А главное, все под мой размер, видимо, уже давно было все у отца готово и ждало только своего часа. А шлем у меня был норманнский с наносником. Можно было его просто надеть на голову, но я все же попросил маму сшить мне шапочку, чтобы надевать ее под шлем, так было удобней и комфортней, чем напяливать это железное ведро сразу на голову. Еще смог забить свой колчан стрелами из отцовых запасов, так, что в колчане у меня теперь ровно двадцать пять смертоносных подарков.

О том, что мы собираемся идти в поход, стало известно наследующий день, шило в мешке не утаишь. Правда, неизвестно было, куда мы идем, но люди сами выстраивали разные теории и охотно делились сплетнями.

А после того, как сплетни разошлись широким фронтом, меня настигла кара в виду двух моих друзей, которые очень хотели отправиться с нами в поход. В итоге я пришел к мысли, что легче согласиться и поговорить с отцом на их счет, чем объяснять друзьям, почему нет.

Лишь Лан меня порадовал, не напрашиваясь, только грустно посмотрел и посоветовал мне быть осторожным и приглядывать за нашими друзьями, в особенности за Гостивитом.

Так что, спустя пару дней мы вышли в поход на пяти ладьях. Три наши семейные и две, предоставленные Возгарем. А народу вышло порядка двухсот сорока вооруженных мужей. Что было достаточной силой для взятия намеченного поселка. И на ладьях осталось вдоволь места для ценных вещичек и иного скарба, ведь уходить обратно мы собираемся не с пустыми руками.

И родича выручить и прибыток получить, весьма неплохо, а главное, в том селении был янтарь, который пользуется спросом.

Отходили мы по заре, на причал высыпала огромная толпа, провожая нас.

Ладьи выстроились в ряд, так и шли, стараясь друг от друга не отставать, шли вдоль берега. Иногда на парусе, а иногда на веслах. И вновь я смог ощутить, что такое быть гребцом, но смены были часто, и усталость не успевала накапливаться.

Да и пока шли на веслах, я, как и многие окружающие, снял доспех, оставшись в простой рубахе, а когда прохладный ветер пробирал до костей, я предпочитал кутаться в плащ. А в случае чего бронь не так долго и накинуть, это все-таки не рыцарский доспех. А ежели носить бронь, не снимая, то каждую ночевку приходилось протирать кольчугу и просушивать ее возле костра, дабы не появилась ржа, чем, собственно, некоторые и занимались вместо отдыха.

А так все было прекрасно, и бешеный ветер рвал паруса, и брызги летели в лицо.
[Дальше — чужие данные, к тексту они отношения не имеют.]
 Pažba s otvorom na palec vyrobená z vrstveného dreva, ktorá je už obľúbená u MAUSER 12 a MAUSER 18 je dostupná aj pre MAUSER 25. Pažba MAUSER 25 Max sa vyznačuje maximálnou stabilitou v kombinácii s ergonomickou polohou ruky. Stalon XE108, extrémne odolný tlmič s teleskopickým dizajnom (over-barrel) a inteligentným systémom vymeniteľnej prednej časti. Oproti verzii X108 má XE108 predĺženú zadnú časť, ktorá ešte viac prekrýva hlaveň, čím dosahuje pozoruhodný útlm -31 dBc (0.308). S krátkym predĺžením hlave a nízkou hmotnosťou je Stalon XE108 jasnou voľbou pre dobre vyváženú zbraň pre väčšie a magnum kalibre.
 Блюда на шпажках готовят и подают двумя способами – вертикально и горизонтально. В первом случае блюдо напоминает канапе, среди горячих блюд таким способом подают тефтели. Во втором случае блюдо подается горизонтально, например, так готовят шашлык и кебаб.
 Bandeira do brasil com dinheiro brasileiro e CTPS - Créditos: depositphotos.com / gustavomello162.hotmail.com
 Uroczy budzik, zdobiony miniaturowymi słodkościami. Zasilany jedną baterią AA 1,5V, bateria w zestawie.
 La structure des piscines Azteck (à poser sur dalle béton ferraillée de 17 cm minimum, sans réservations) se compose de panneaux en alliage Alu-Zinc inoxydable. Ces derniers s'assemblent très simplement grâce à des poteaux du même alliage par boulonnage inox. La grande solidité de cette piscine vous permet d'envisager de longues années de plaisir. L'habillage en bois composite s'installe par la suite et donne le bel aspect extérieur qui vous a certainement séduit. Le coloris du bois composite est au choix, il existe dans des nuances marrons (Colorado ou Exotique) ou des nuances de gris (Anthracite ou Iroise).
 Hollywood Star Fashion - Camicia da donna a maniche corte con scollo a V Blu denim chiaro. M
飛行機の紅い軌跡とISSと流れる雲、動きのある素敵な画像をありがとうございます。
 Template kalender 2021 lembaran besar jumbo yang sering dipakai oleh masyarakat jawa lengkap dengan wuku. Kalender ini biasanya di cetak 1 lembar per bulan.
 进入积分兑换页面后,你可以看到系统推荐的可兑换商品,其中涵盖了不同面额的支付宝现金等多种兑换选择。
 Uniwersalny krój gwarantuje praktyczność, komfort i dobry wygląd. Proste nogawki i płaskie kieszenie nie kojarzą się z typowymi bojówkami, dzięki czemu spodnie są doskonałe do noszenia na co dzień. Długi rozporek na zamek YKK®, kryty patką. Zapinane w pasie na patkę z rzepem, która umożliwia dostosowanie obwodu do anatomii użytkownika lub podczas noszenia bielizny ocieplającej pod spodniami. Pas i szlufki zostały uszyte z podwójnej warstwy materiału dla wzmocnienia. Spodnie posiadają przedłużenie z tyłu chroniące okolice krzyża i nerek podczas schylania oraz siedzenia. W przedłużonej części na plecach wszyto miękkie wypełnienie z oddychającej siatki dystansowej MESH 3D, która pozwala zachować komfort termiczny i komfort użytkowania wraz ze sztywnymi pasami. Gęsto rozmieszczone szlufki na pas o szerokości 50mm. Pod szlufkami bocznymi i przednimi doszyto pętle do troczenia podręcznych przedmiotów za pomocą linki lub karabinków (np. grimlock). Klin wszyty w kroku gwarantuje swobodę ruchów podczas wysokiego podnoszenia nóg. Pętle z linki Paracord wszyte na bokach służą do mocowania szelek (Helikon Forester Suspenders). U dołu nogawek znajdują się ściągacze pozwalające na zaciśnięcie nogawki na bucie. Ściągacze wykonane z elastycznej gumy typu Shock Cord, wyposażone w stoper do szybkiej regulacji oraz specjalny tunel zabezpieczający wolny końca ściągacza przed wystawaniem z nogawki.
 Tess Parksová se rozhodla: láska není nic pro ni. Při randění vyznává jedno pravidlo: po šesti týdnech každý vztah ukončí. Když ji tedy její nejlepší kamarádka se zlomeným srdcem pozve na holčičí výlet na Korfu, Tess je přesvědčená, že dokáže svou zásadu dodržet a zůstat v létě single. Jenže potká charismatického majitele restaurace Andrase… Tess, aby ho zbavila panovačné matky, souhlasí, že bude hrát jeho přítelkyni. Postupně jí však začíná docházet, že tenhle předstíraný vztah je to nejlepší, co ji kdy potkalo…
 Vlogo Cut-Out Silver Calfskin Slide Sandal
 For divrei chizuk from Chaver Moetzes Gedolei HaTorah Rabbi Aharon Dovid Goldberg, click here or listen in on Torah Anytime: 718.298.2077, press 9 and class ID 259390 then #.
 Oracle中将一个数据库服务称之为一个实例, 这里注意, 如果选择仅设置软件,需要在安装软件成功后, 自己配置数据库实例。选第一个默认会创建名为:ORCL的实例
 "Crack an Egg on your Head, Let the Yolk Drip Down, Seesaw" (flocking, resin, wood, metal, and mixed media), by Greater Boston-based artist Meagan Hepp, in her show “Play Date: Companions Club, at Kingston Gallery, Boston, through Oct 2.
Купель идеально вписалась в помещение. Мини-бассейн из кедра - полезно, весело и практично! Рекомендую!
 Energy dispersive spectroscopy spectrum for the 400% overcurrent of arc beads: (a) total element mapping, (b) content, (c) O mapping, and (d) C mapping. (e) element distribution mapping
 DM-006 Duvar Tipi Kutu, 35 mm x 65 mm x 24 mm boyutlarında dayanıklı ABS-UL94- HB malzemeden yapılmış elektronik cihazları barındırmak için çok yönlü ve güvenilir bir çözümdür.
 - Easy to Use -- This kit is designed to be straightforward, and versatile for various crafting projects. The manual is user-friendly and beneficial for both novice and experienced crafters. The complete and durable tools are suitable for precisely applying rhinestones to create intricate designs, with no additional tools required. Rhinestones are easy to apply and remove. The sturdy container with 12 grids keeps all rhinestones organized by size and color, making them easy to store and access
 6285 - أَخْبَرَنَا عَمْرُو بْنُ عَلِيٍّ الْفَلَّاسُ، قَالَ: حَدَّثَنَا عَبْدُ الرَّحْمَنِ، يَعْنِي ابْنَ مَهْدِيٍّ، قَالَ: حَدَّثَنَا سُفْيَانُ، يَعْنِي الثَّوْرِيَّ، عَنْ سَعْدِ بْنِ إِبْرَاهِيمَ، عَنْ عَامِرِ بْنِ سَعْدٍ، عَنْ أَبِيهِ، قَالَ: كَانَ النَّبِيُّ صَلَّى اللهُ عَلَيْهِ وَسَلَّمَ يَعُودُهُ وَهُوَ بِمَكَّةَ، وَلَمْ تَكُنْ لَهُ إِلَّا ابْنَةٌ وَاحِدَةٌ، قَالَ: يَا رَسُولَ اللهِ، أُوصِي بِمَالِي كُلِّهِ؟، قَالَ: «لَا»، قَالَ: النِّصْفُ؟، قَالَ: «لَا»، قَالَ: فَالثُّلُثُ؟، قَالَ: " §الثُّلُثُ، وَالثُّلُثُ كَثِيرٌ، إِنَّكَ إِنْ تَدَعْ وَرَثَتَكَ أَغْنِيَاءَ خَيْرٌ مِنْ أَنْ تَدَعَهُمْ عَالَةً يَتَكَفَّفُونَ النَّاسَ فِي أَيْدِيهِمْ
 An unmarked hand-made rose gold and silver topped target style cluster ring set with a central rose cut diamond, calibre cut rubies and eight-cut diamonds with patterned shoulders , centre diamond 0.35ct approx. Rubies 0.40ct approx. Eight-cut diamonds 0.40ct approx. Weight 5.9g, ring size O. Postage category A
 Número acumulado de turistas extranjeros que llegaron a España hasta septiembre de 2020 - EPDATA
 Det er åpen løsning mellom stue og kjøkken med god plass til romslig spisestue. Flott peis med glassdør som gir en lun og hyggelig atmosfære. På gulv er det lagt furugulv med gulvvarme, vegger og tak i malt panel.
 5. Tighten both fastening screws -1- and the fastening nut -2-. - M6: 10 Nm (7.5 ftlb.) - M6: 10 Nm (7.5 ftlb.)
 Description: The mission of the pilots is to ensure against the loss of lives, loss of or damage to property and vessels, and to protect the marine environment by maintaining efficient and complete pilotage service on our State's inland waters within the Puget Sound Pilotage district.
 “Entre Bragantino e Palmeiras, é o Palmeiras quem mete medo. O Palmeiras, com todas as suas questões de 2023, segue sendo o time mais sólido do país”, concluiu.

Есть в этом какая-то романтика, свой кайф и кураж, когда ладья, покачиваясь, летит по волнам.

На ночевки старались вставать в безлюдных местах и меньше привлекать к себе внимание. Как-то я даже заметил большую песчаную косу, идущую вдоль берега, и она мне показалась смутно знакомой, вот только я так и не смог вспомнить откуда.

Мы добрались за три дня, и завтра с утра собирались прибыть к точке назначения. А сегодня последняя ночевка, все проверяют сброю и точат оружие. Никто не готовит ни лестниц, ни тарана, что для меня удивительно. По оговоркам я понял, у родичей есть план, как взять это селение на меч, и они подобное неоднократно уже проворачивали, так что все отработано.

Когда завтра с утра мы пристанем, то просто и нагло пойдем брать селение. И никаких хитростей не будет, мы не станем пробираться в ночи до ворот селения пруссов, ведь у нас есть план. Это звучало дико и меня беспокоило, а отец только отшучивался, и подначивал, не раскрывая секрета, только говорил, что я сам все должен увидеть.

Я мог, конечно, разузнать у других, но не стал портить, так сказать, себе сюрприз, да и отцу я доверяю, хоть и не лишен подозрительности, а иногда даже и паранойи.

Сон был беспокойный, я нервничал, а, судя по лицам Далена и Гостивита, был не одинок в своих переживаниях. Все молодое поколение переживало, а старшее только посмеивалось над нами.

И утром, когда солнце только показалось из-за небосклона, наши корабли пристали к берегу, игнорируя стоящий причал близ селения. И мы большой толпой начали покидать ладьи, прыгая в воду.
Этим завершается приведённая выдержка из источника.